Afro-German activist Katharina Oguntoye has been awarded the Order of Merit of the Federal Republic of Germany (Bundesverdienstkreuz).
The Order, colloquially known as the Federal Cross of Merit, is awarded to German and foreign citizens for political, social-economic and intellectual achievements as well as for serving the Federal Republic of Germany, such as through social engagement.
Oguntoye (63) was presented the award on Monday by Katja Kipping, the Berlin Senator for Integration, Labour and Social Affairs, in the federal capital.
Oguntoye, founder and director of the Joliba-Intercultural Network in Berlin, has helped shape the Afro-German movement as one of the editors and authors of the book Showing Our Colours. Afro-German Women Speak Out (“Farbe bekennen: Afro-deutsche Frauen auf den Spuren ihrer Geschichte”, 1986), as well as a founding member of the Initiative Schwarze Menschen in Deutschland (Initiative of Black Germans) and the Afro-German Women group ADEFRA.
Reacting to the award, the ISD said Oguntoye had with her activities and commitment over the decades contributed to making the achievements and contributions of Black people visible in Germany.
“She has contributed and created spaces where Black people can learn, share and be,” the organisation said in a congratulatory message published on its Facebook page.
“We are proud of Katharina and wish her continued strength and perseverance for everything she still sets out to do – in activism and privately!”
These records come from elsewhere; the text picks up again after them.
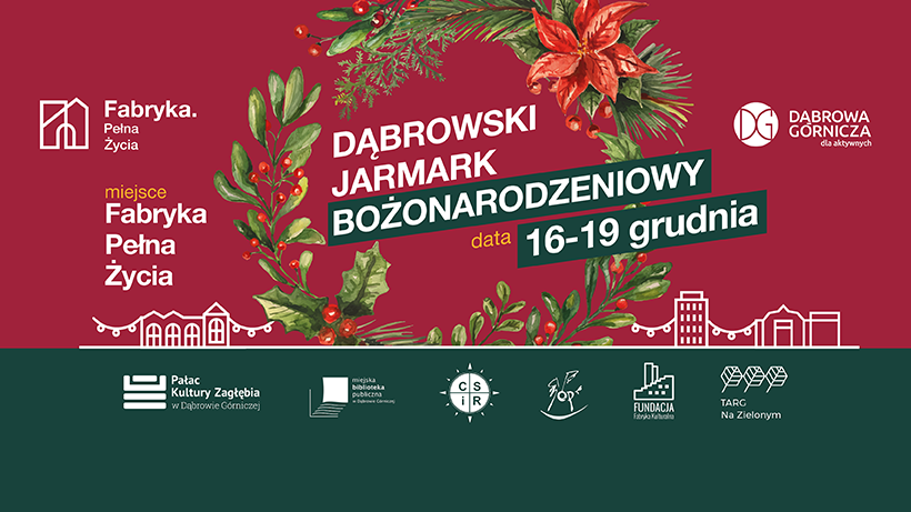Wszystkich mieszkańców Dąbrowy Górniczej (i nie tylko!) zapraszamy od 16 do 19 grudnia na Dąbrowski Jarmark Bożonarodzeniowy do Fabryki Pełnej Życia, przygotowany przez instytucje kultury (m.in. Pałac Kultury Zagłębia), sportu, rekreacji, czasu wolnego oraz partnerów i sponsorów.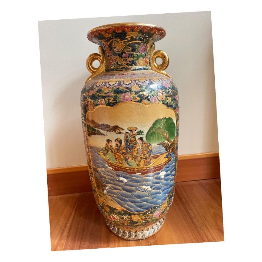 Satsuma Porcelain Vase is a stunning example of traditional Japanese craftsmanship. This 24-inch floor vase is made from high-quality porcelain, known for its durability and fine texture. The vase features intricate gilded detailing and vibrant scenic imagery, depicting figures in traditional attire amidst a picturesque landscape of mountains, water, and foliage. The use of gold accents enhances the overall elegance and adds a touch of opulence to the piece. Satsuma pottery, including this vase, has its roots in the late 16th to early 17th century when Korean potters were brought to Japan. The Satsuma region, located in southern Kyushu, became a prominent center for pottery production due to its abundant local clay and proximity to the Korean peninsula. The distinctive style of Satsuma ware, characterized by its warm cream, ivory-to-beige background with a cracked glaze and over-glazed designs in vibrant colors, became highly sought after, especially during the Meiji period (1868-1912). Chinese made Japanese ware. Please note that there are some minor stains and scratch marks on its surface, suggesting use or exposure over time. (Shown in photos.) Measurement: 24 inches tall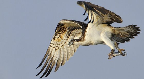 El águila pescadora es muy fácil de identificar por su color blanco y
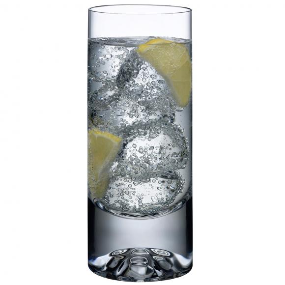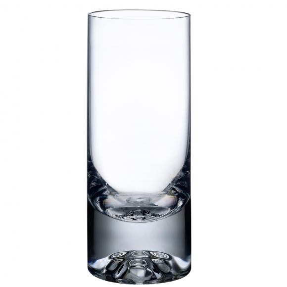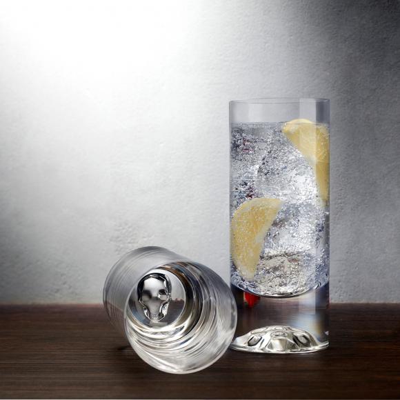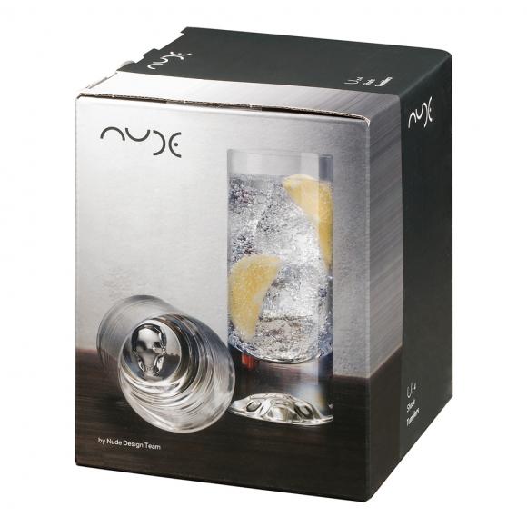 This NUDE Shade set of high ball glasses possess all the defining features of the series: a modern, minimalist shape and a traditional heavy base etched with a sculptural skull motif.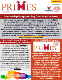 This summer the team at PrIMES offered a pilot version of our PrIMES Lite program, a hybrid mentorship experience for URiM NYC based high school students who are extremely interested in a career in medicine. Concurrently, the fourth cycle of PrIMES Mentorship is coming to a close, with the virtual Completion Ceremony scheduled for Monday, August 28th at 6:00pm EDT. Applications for cycle five of Mentorship are now open through September 30th, or until program capacity is reached. Please share about our program with your networks - encourage peers and colleagues to apply to be a Mentee or Mentor if they are interested. Together we will continue to increase diversity in medicine! www.primesmentorship.org/apply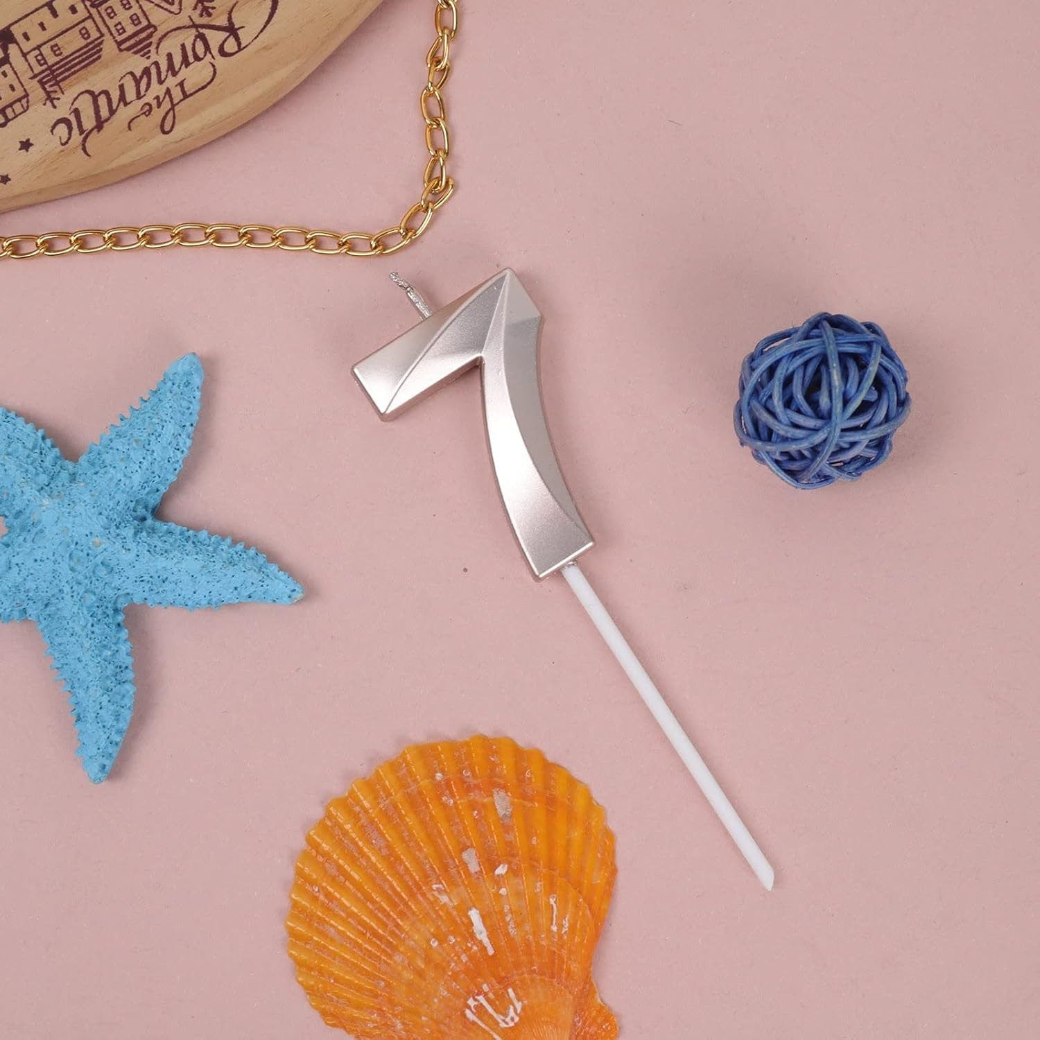 Lumânare Cifră 7, Flippy®, Model Diamond, 5 x 3.4 cm, Argintiu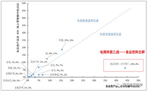 此外,在电商渗透率的提升过程中,品类分化现象十分严重。其中,食品饮料(含生鲜)占据了线上线下整体零售份额的44%,但在线上零售中仅占比6%。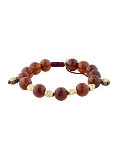 Pre-owned 18k Garnet Bead & Skull Beaded Pull Bracelet In Multi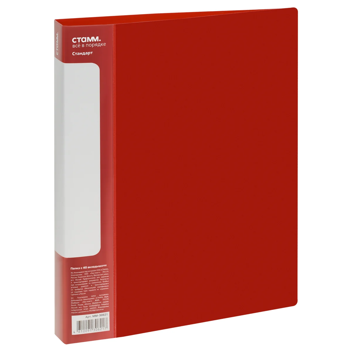 Папка с 40 вкладышами СТАММ «Стандарт» – отличный помощник для хранения бумаг формата А4. Размер изделия составляет 310*235 мм. Ширина корешка – 21 мм. Папка красного цвета изготовлена из качественного полипропилена толщиной 600 мкм с текстурой «песок». Тип скрепления – термосварка. Бумагам, вложенным в папку, не требуется перфорация дыроколом. На корешке папки есть удобный карман. Папка упакована в индивидуальный пакет.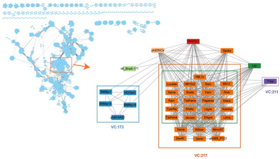 YPHTV-1 genome network analysis. Genomic network analysis was performed by vConTACT2, ClusterONE, and Cytoscape. The reference database was Prokaryotic Viral RefSeq211-Merged (last updated in June 2022), and virus clusters are shown as differently colored boxes. VC217 (orange box): most of the phages were infected with Paenibacillus and belonged to the Fernvirus genus of Caudoviricetes (green box in VC 217); VC173 (blue box): infected with Bacillus with no classification status determined; VC211 (purple box): belonged to Halcyonevirus genus of Caudoviricetes. The classification status of viruses was derived from the ICTV.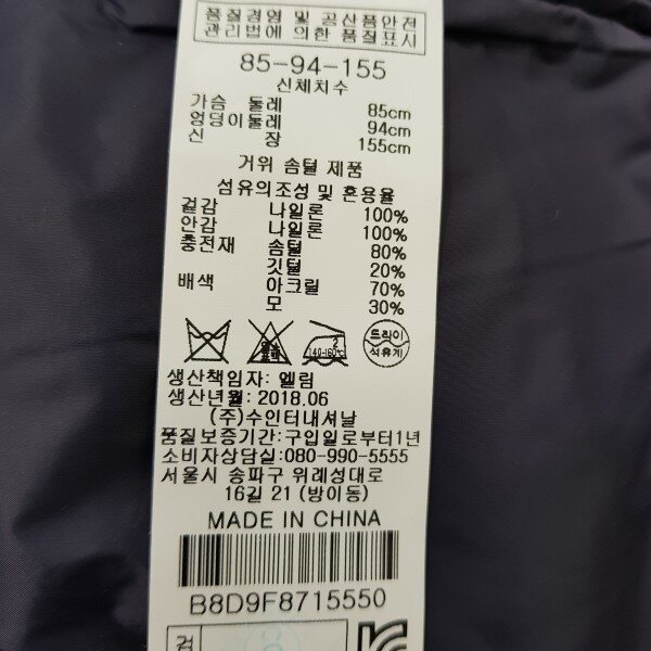 구스 숏다운55기준 총장 58cm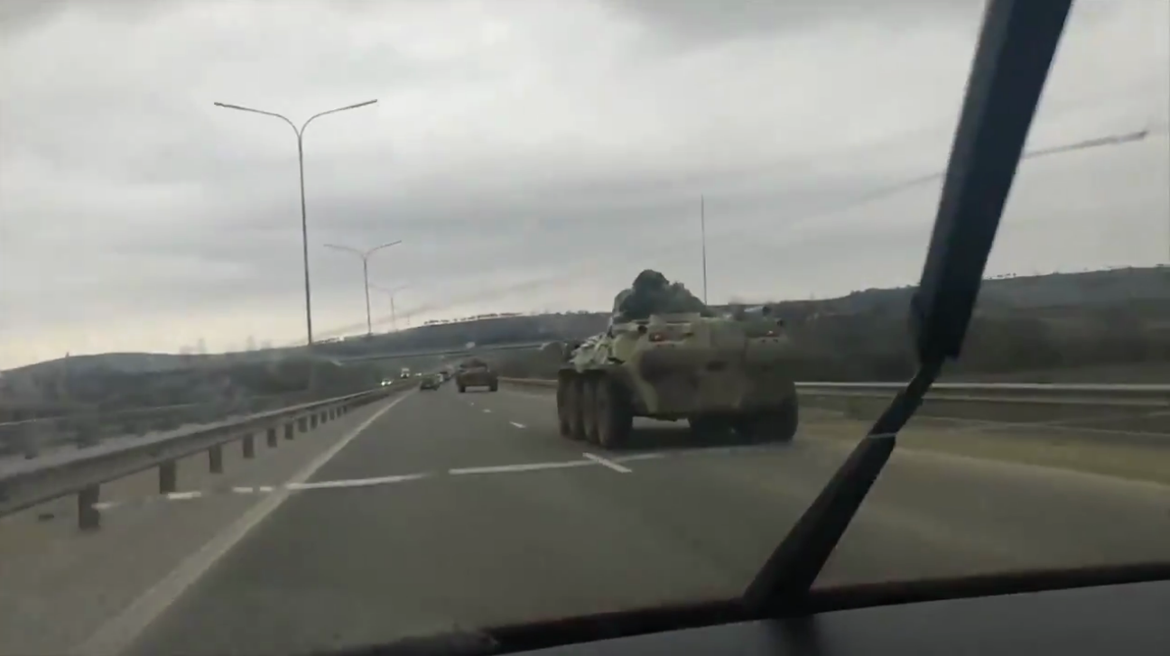 На территории временно оккупированного Крыма, а также недалеко от Ростова-на-Дону были замечены огромные колонны российской военной техники и артиллерии.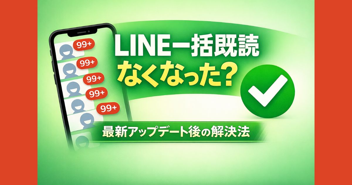 LINEの一括既読がなくなった?2026年2月最新アップデート後の正しいやり方を解説。「+」ボタンからの操作手順、表示されない時の対処法5選、PC版の方法まで分かりやすくまとめました。未読ストレスを今すぐ解消! はじめに 最近のLINEアップデートで、「一括既読ボタンが消えた!」と焦った人、多いですよね。 私も未読が大量にたまって、正直パニックでした…。 でも安心してください。一括既読はなくなっていません。場所が変わっただけです。 この記事では、最新バージョンでの正しいやり方を誰でもすぐ分かる... -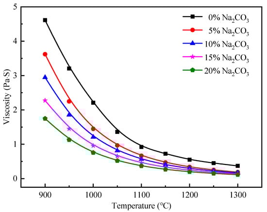 The effect of Na2CO3 dosage and temperature on the viscosity of molten Cu slag is shown in Figure 9. First, the diagram shows that the viscosity of the slag system is higher at a low temperature. This phenomenon is due to the precipitation and crystallization of more high-melting point materials at low temperature []. At temperatures below 1100 °C, the viscosity of the slag system rises sharply because the material with a melting point higher than 1100 °C crystallize and precipitate rapidly. Therefore, the content of high-melting point substances in the slag system should be reduced to decrease the viscosity of the slag system. Second, the viscosity of molten Cu slag decreases evidently with increasing Na2CO3 dosage at the same temperature. This finding shows that adding Na2CO3 in the process of melting modification of Cu slag can promote the transformation of high-melting point substances into low-melting point substances. The results of the viscosity analysis are consistent with those of Section 3.1, which fully shows that Na2CO3 can reduce the viscosity of Cu slag and improve the fluidity of Cu-bearing minerals.

Oguntoye, who said she became an activist because she wanted to work for a more just society, was also honoured in 2020 for her life’s work against sexism, racism and homophobia with the Lesbian Visibility Award for Berlin.
A historian, Oguntoye is the author of Black Roots, Afro-German Family Histories from 1884 to 1950 (Orlanda Verlag), a scholarly research work on the history of Black people in Germany.